Ebola Outbreak: Putting the Public Back in Public Health


Oct 9, 2014

A burial team wearing protective clothing prepares to enter the home a person suspected of having died from Ebola in Freetown, Sierra Leone, September 28, 2014

A burial team wearing protective clothing prepares to enter the home a person suspected of having died from Ebola in Freetown, Sierra Leone, September 28, 2014

Photo by Christopher Black/WHO/Handout via Reuters

This commentary originally appeared on The Hill on October 9, 2014.

Like many Americans, I have been following the news about the worsening Ebola situation in West Africa. And, like many Americans, I was riveted to the announcement on Tuesday of the first case of Ebola that appeared and was diagnosed in the United States. During a press conference, Centers for Disease Control and Prevention (CDC) Director Thomas Frieden was reassuring in many ways. The United States, he said, is ready to “stop Ebola in its tracks” here. This patient and any others that may appear will be treated, he said, and active public health steps will be taken to limit transmission of the disease. What is also needed, though, are steps to stop Ebola in its tracks everywhere—and soon.

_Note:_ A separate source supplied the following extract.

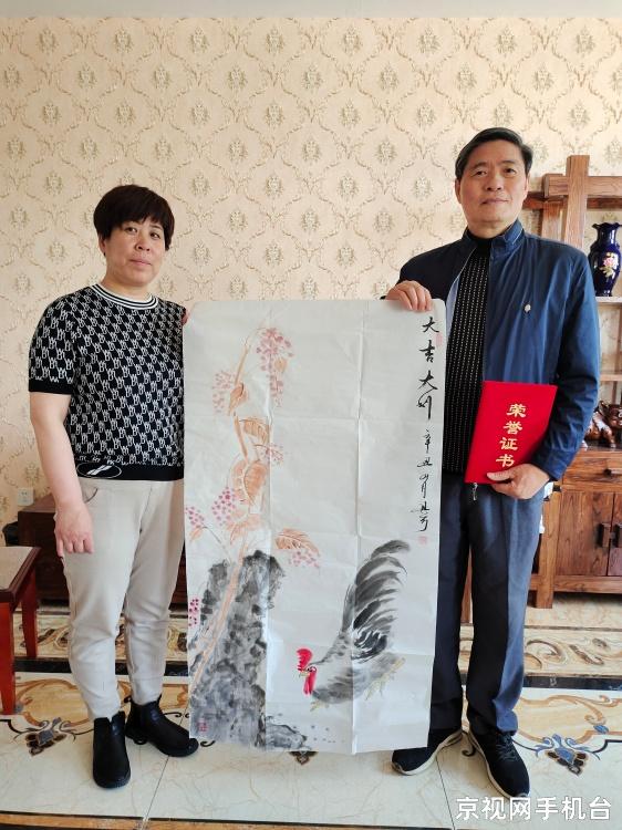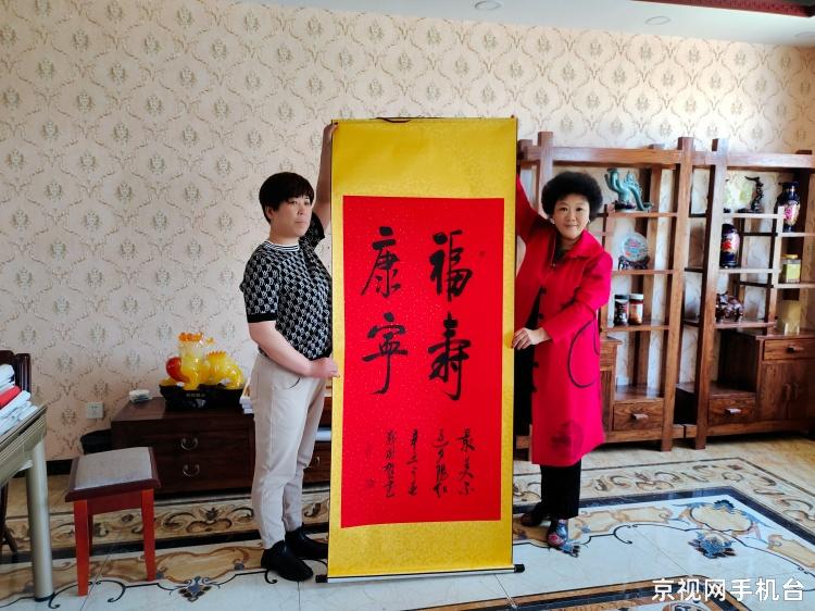 京视网手机台(名家艺韵)频道总编辑金凤代爱心艺术家郑景泉捐赠墨宝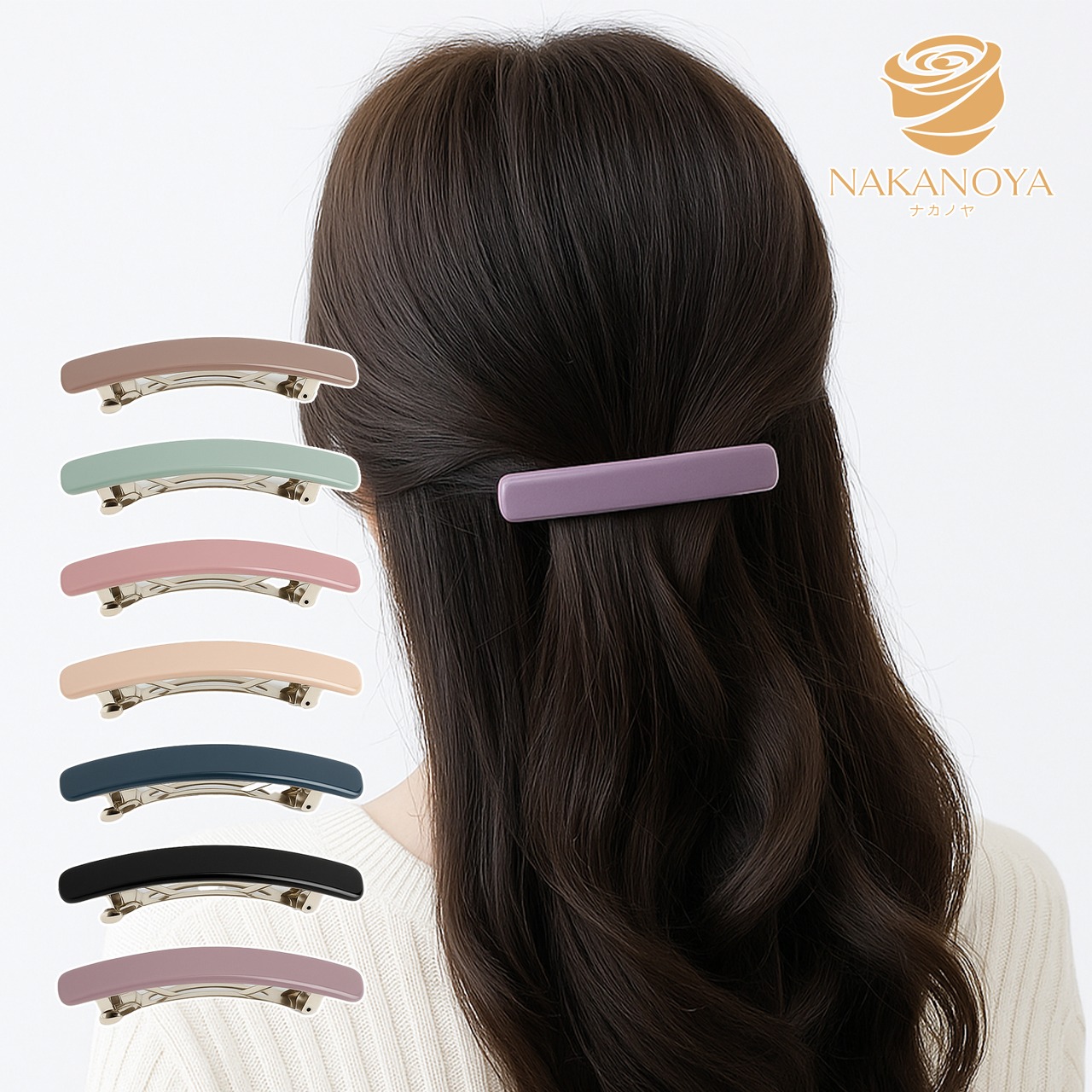 [ナカノヤ] NAKANOYA バレッタ 65mm 1個 プラスチック 樹脂 ヘアクリップ 無地 シンプル くすみカラー カーブ アーチ 細め 細長 四角 長方形 スクエア レクタングル 光沢 グロッシー 艶あり つやあり 中くらい ミディアム ミドルサイズ Mサイズ 軽量 NKBT6 | ナカノヤ公式ストア|アクセサリー・ファッション雑貨の通販専門店

Heroic African medical professionals are doing their best to treat the patients that are now overflowing their somewhat meager normal medical capacity. The global health community and others are pitching in to help. The United States government is among those, having sent technical experts from the CDC to advise on outbreak control and, more recently, materiel and logistics personnel from the Department of Defense to help set up additional medical care capacity. All of these efforts reflect the medical and public health systems elements that are crucial to treating patients and controlling disease transmission. But they are not all that is needed.

What is missing is the productive engagement of the public in this public health crisis. Indeed, some news reports from the affected region suggest that the public is at odds with what is best for the public's health: people are hiding ill family members from the health authorities and failing to seek medical care. While this is understandable to some extent from their perspective, it is counterproductive to the overall effort to stem the tide of this deadly outbreak. What can the public do? What should they do? What should YOU do?

An informed and engaged public is critical to just about any public health effort. Although exact numbers are elusive, there is little doubt that the public—in the United States and around the world—played a critical role in responding to the H1N1 influenza pandemic that began in 2009. Virtually everyone heard, and hopefully heeded, the very consistent messages about “respiratory etiquette” and frequent hand washing to guard against spread of the disease. Once a new flu vaccine was available, many people got vaccinated (as many do every year for the annual flu season). The public also has contributed to successes in the past century to reduce the burden of other vaccine-preventable diseases such as polio and measles. Now many people are engaging—or at least trying to—in healthier lifestyles, such as better diet and exercise habits and less use of tobacco products. This will make for healthier individuals and a healthier overall population.

But what should be the role of the public in the current Ebola outbreak? The announcement of the first new U.S. Ebola case on Tuesday emphasized the importance of a public that is well-informed and aware of what does and does not pose a risk for Ebola. It was interesting to hear several different journalists press Frieden for specific information about the flights on which the new Ebola patient from Liberia arrived in the United States. Frieden responded each time with information about when and how a person can transmit the virus: A person is not infectious to others until symptoms (such as fever) appear, which was not the case of the individual in question during his flights; and the virus is not transmitted via the air as flu is, but rather, through contact with bodily fluids from a symptomatic person. It is critical that all Americans remember these facts and act responsibly—share information accurately and avoid taking needless, panicked actions like keeping their kids home from school when there is no sound public health reason for doing so. Most people with fever and other symptoms in the United States do NOT have Ebola, but if they have been in an affected country and in close contact with an Ebola patient, the probability of Ebola becomes higher. Those people should seek medical help promptly. And once they arrive for medical care, the medical professionals need to know what to look for, what questions to ask and, as importantly, what to do to safely care for such patients and notify public health officials.

Community leaders in the affected West African countries should be working to effectively raise awareness among their populations so that people will know what they can do and will choose to do it. The medical and public health systems can and will help them, but the importance of the public's role in becoming aware and engaged in West Africa cannot be overstated. In the meantime, Americans must also be aware and act responsibly, as surely there will be more cases that will appear at the U.S. doorsteps. Everyone contributes to “global health security” and must be informed and responsible in this role.

Moore is a public health physician and senior natural scientist at the nonprofit, nonpartisan RAND Corporation and a professor at the Pardee RAND Graduate School. She is also a former medical epidemiologist with the CDC.